Ultrasensitive Gas Sensor of Mixed-dimensional Heterostructures Combining Borophene and BC2N Quantum Dots: Enhanced Detection through Binary Cooperative Effects

Abstract

The emergence of mixed-dimensional van der Waals heterostructures has inspired worldwide interests in recent years, opening up new avenues for potential nanotechnology applications. Herein, we proposed a mixed-dimensional heterostructure composed of borophene sheets and BC2N quantum dots. The gas sensing performance of the heterostructure was evaluated through a combination of theoretical calculations and experimental methods.

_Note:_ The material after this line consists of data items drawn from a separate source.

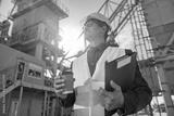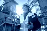 Cheerful male engineer standing on territory of manufacturing plant and smiling while holding takeaway drink and folder with papers
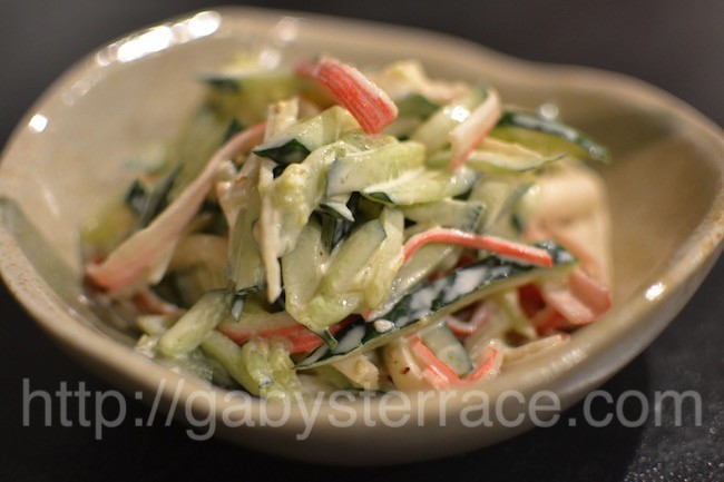 カニカマを「裂く」なんてめんどくさいことはキライなので縦に細く切り、きゅうりも細切りにして塩をひとつまみふってから、ぎゅうと絞る。マヨネーズにちょいと醤油とごま油をたらし、ゴマをひとふりしてからカニカマときゅうりを放り込んでざっくり混ぜた。
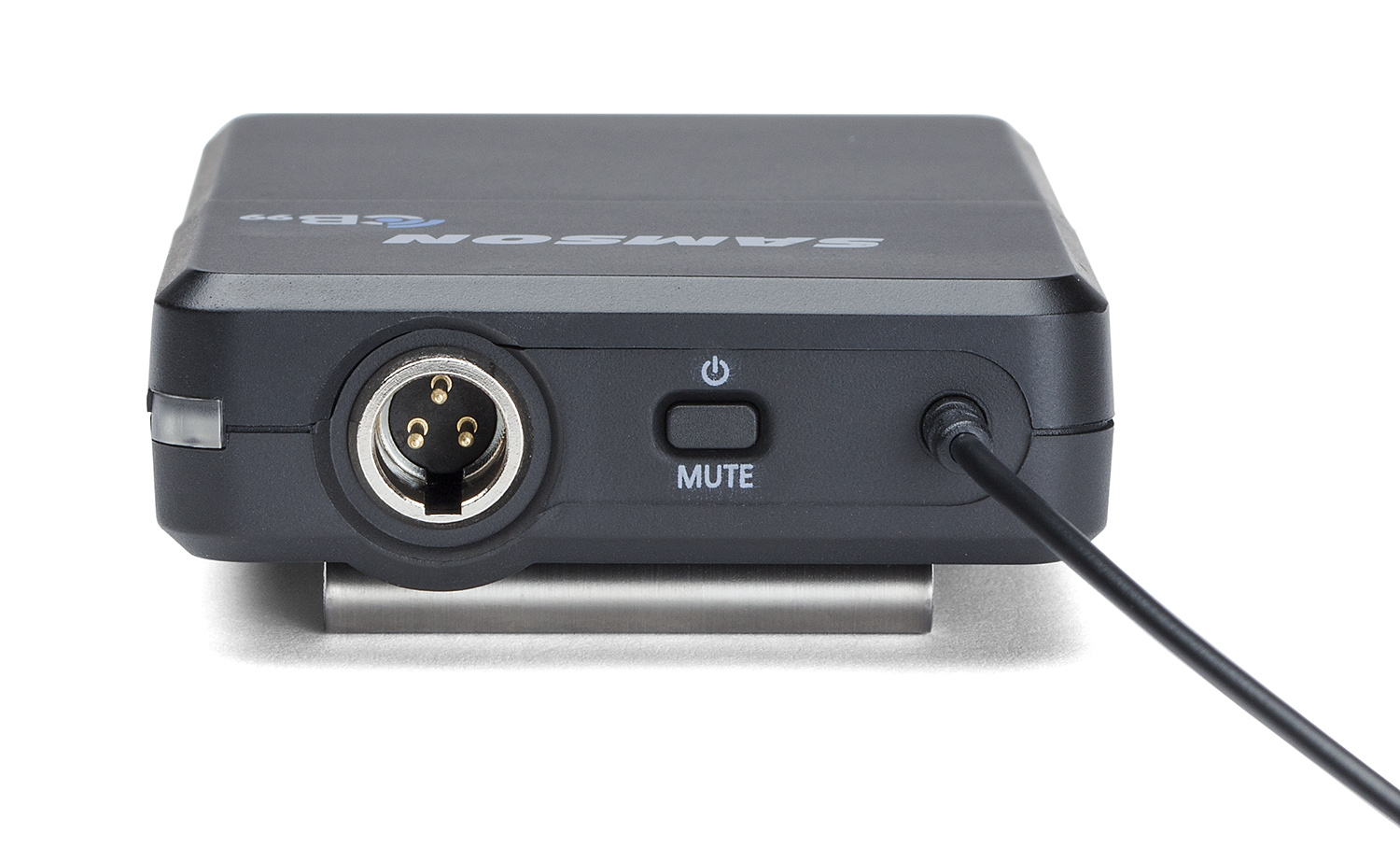 Audio reaches the CR99 Wireless Receiver receiver via the CB99 Beltpack Transmitter, which features Samson's GC32 Guitar Cable with a locking connector. Offering eight hours of battery life using two AA batteries (not included), the CB99 transmitter features a variable Gain control, popless 1-touch Mute button and metal belt clip.
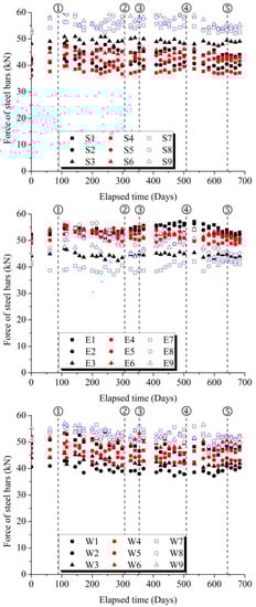Figure 8, with E, W, S, and N standing for the four elevations of the terrace. We could observe an increase in the tensile stress during the tunnel excavation between time nodes ③ and ④, especially for the steel bars at the north elevation and the east elevation, which are close to the tunnel excavation. After the tunnel excavation (from time node ④ to ⑤), the tensile stresses of the steel wires in the four elevations gradually reduced to the initial pre-stresses. Meanwhile, the passenger tunnel of the terrace was reinforced by a steel frame, as shown in
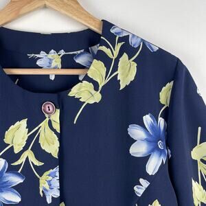 Vintage Floral Button Up Blouse Top Navy Blue Green Short Sleeve Coastal Grandma
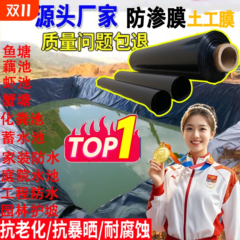鱼塘防渗膜蓄水池防水布鱼池专用塑料黑膜养殖加厚土工膜抗老化
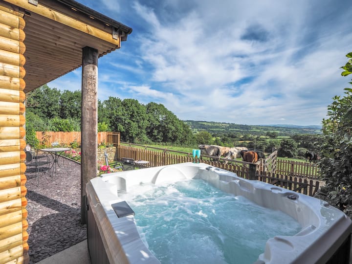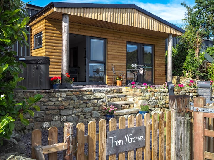 Trem Y Gorwel -სტუნინგის ხის სახლი ჯაკუზით ჰიდრომასაჟიანი აუზით
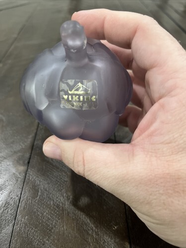 This beautiful Viking Glass paperweight features a grape bunch design in Lilac Frost Teaberry color. It is a unique piece of art glass that will make a great addition to your collection. The paperweight was produced in the late 20th century (1980-1989) and has a sticker on it.
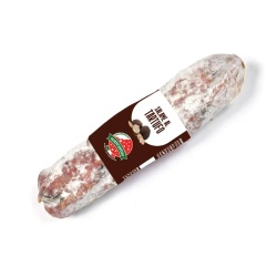 Салями с трюфелем, которая покрыта пармезаном, действительно неповторимый продукт. При создании деликатеса используется высококачественное нежирное мясо, обработанное вручную, полностью зачищенное, дополненное французскими трюфелями и покрытое пармезаном.
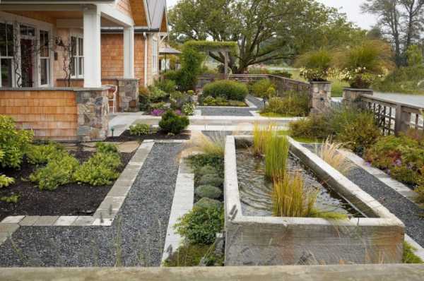 Вода в небольших ёмкостях, гравийное обрамление, элементы керамики придадут индивидуальности придомовой лужайке.
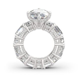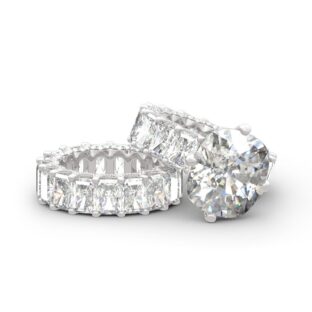 Crafted with care in every detail, this sparkling ring set displays an impressive level of artistry. A cushion cut stone shines brightly at the center, while additional stones adorn the ring’s shank in three sides, creating a truely dazzling look from any angle. On your special day, a coordinating eternity band completes this fabulous ensemble….
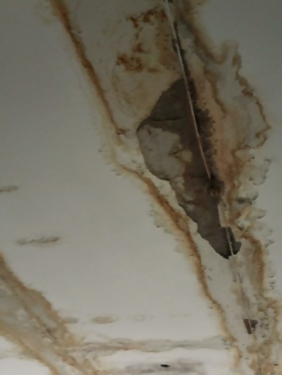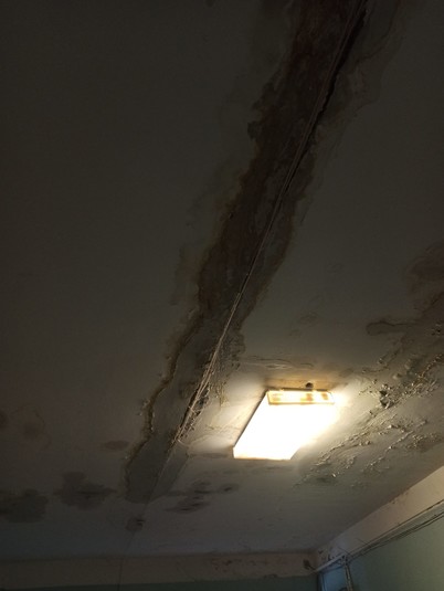 Стеля в медичному закладі в жовтих плямах від води, відвалюється штукатурка.
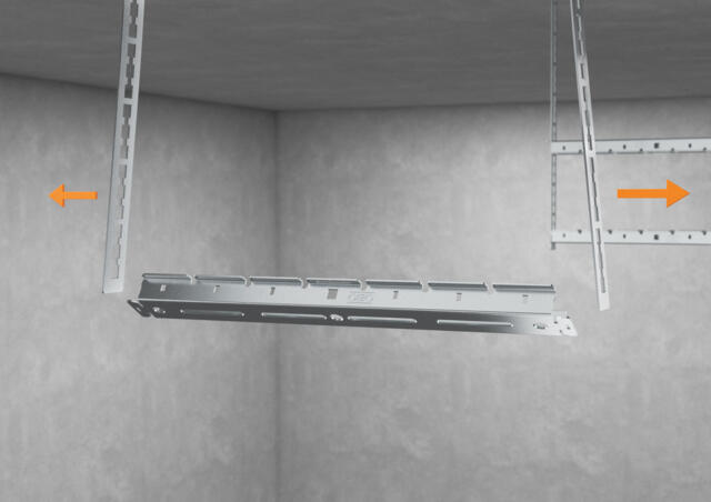 The MagicFix support rail is mounted using suspension strips. These are fixed to the ceiling using a suitable fastening system. The support rail is available in lengths of 500 mm, 1,000 mm, 1,500 mm and 2,000 mm. The selection of anchors and fasteners depends on the existing substrate and the expected load values. Simply inserted into the suspension strips, the support rail is quickly mounted and can be adjusted in height without tools. The suspended support rail can optionally be secured by bending the hooked fastening tabs in the suspension strips. Alternatively, the protective cap, which is compatible with both the fastening tabs and the ends of the suspension strips, can be attached directly. Due to the recesses in the suspension strips for different height settings, multilayer installations are also possible without having to remove pre-assembled rungs.

Specifically, first-principles calculation results show that NO2 is the most strongly interacting molecule and induces the largest amount of charge transfer between the molecule and the heterostructure, suggesting exceptional sensitivity and selectivity of the heterostructure to NO2 gas. Following the theoretical insights, a borophene-BC2N heterostructure gas sensor was developed and its gas detection abilities were assessed with exposure to various gases at room temperature. Remarkably, this sensor displayed a sensitivity of 1170% to 30 ppm NO2 and remain a high sensitivity of 108% even to 0.2 ppm NO2. These results highlight borophene-BC2N heterostructure as a superior NO2 gas sensor, demonstrating enhanced sensing via BC2N quantum dots and integrated theoretical-experimental approaches.